Photo of young man and pints of beer

Drinking from young age could increase the odds of aggressive prostate cancer in later life

Boys drinking alcohol in their mid-to-late teens may increase the odds of them developing aggressive prostate cancer in later life, research supported by the Irish Cancer Society has shown.

The research found that, compared with non-drinkers, men who had at least 7 drinks per week during the ages of 15 and 19 had 3 times the odds of being diagnosed with a ‘high-grade’ form of prostate cancer that is more difficult to treat.

The research was led by Dubliner Dr Emma Allott during her time at Gillings School of Global Public Health, located in the University of North Carolina at Chapel Hill in the US. Dr Allott’s research was funded through an international research fellowship by the Irish Cancer Society.

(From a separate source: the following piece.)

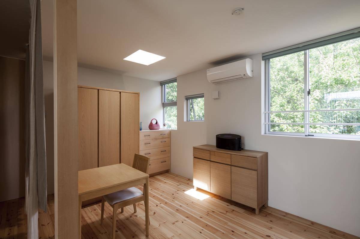 2階はワーク スペースだけでなく、各個室や納戸なども将来のライフスタイルの 変化に応じて柔軟に仕切ったり、配置を入れ替えることができる。
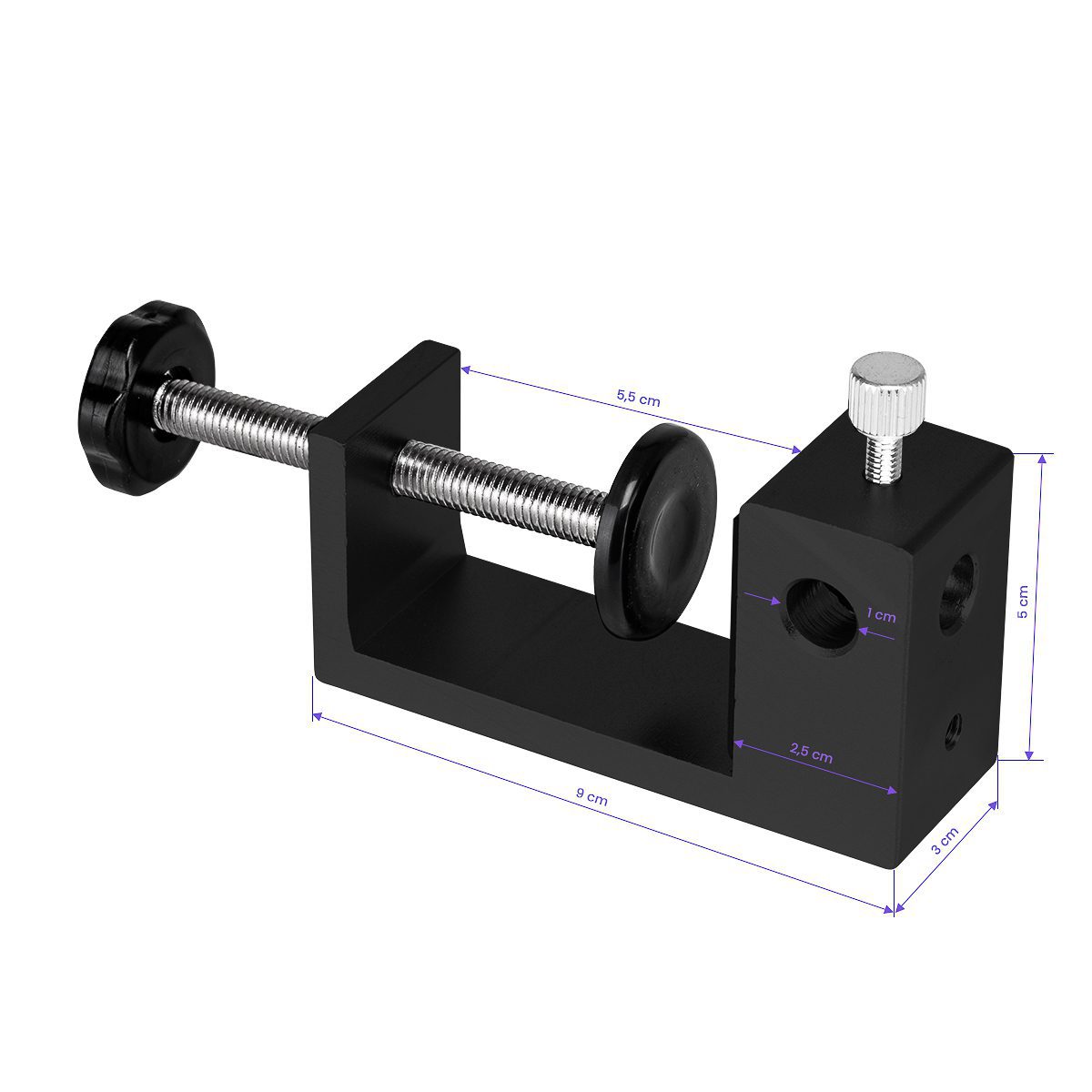 Lampussa on tukeva puristin, jolla sen voi kiinnittää nopeasti ja varmasti pöytäpintaan. Kiinnityksen maksimileveys on 5,5 cm, joten se sopii useimpiin työtasoihin. Kiinnityksen voi sijoittaa eri kohtiin, mikä mahdollistaa yksilöllisen ja tarkan asettelun.

Previous research in this area often focused on the effect of alcohol intake on overall prostate cancer risk. Because many cases of prostate cancer are slow to progress and not an immediate threat to health, the researchers analysed whether alcohol consumption during puberty and mid-life is associated with high-grade prostate cancer in adulthood. The results of this work have today been published in Cancer Prevention Research, a journal of the American Association for Cancer Research.

“The prostate is an organ that grows rapidly during puberty, so it’s potentially more susceptible to carcinogenic exposure during the adolescent years,” Dr Allott explained. “For this reason, we wanted to investigate if heavy alcohol consumption in early life was associated with the aggressiveness of prostate cancer later.”

Dr Allott and colleagues evaluated data from 650 men undergoing a prostate biopsy in North Carolina between January 2007 and January 2018. These men had no prior history of prostate cancer, and their ages ranged from 49 to 89. The population was racially diverse; 54% of patients were non-white. Men completed questionnaires which assessed the average amount of alcohol they drank weekly during each decade of life to determine age-specific and cumulative lifetime alcohol intake.

The researchers found that heavy alcohol intake at ages 15-19 was not associated with overall prostate cancer in later life; however, having at least seven drinks per week during this age was associated with 3.2 times the odds of high-grade prostate cancer compared with non-drinkers. Similar associations were observed among those who took at least 7 alcoholic drinks per week in their 20s, 30s and 40s, compared with non-drinkers. However, current alcohol consumption was not significantly associated with high-grade prostate cancer.

“Our results may explain why previous evidence linking alcohol intake and prostate cancer has been somewhat mixed,” noted Dr Allott. “It’s possible that the effect of alcohol comes from a lifetime intake, or from intake earlier in life rather than alcohol patterns around the time of diagnosis of prostate cancer.”

Limitations of the study include a reliance on self-reported data, which could be subject to recall bias. Furthermore, because heavy drinkers within the study were often heavy smokers, Dr Allott noted that despite adjusting their model for smoking, residual confounding may exist, and that the sample size was not large enough to explore this association further.

Additionally, those who heavily consumed alcohol early in life typically continued to drink heavily throughout their entire life; as such, the researchers could not definitively separate the potential effects of early-life exposure of alcohol from cumulative lifetime exposure.

While carrying out this research Dr Allott was an assistant professor of nutrition at the University of North Carolina at Chapel Hill. She has since taken up a lectureship position in the Centre for Cancer Research and Cell Biology at Queen’s University Belfast.

Dr Allott is the Irish Cancer Society’s John Fitzpatrick Research Fellow at Trinity College, Dublin. The fellowship was established by the Irish Cancer Society, the Dana-Farber Cancer Institute and Harvard T.H. Chan School of Public Health to fund an Irish scientist or clinician to undertake high-quality research into prostate cancer. It is named in memory of Professor John Fitzpatrick, the former Head of Research at the Irish Cancer Society, marking his significant international contribution to prostate cancer research.

The award was made possible through educational grants from Sanofi-Aventis Ireland and Janssen Sciences Ireland. This study was also sponsored by the American Institute for Cancer Research and the National Institutes of Health in the US.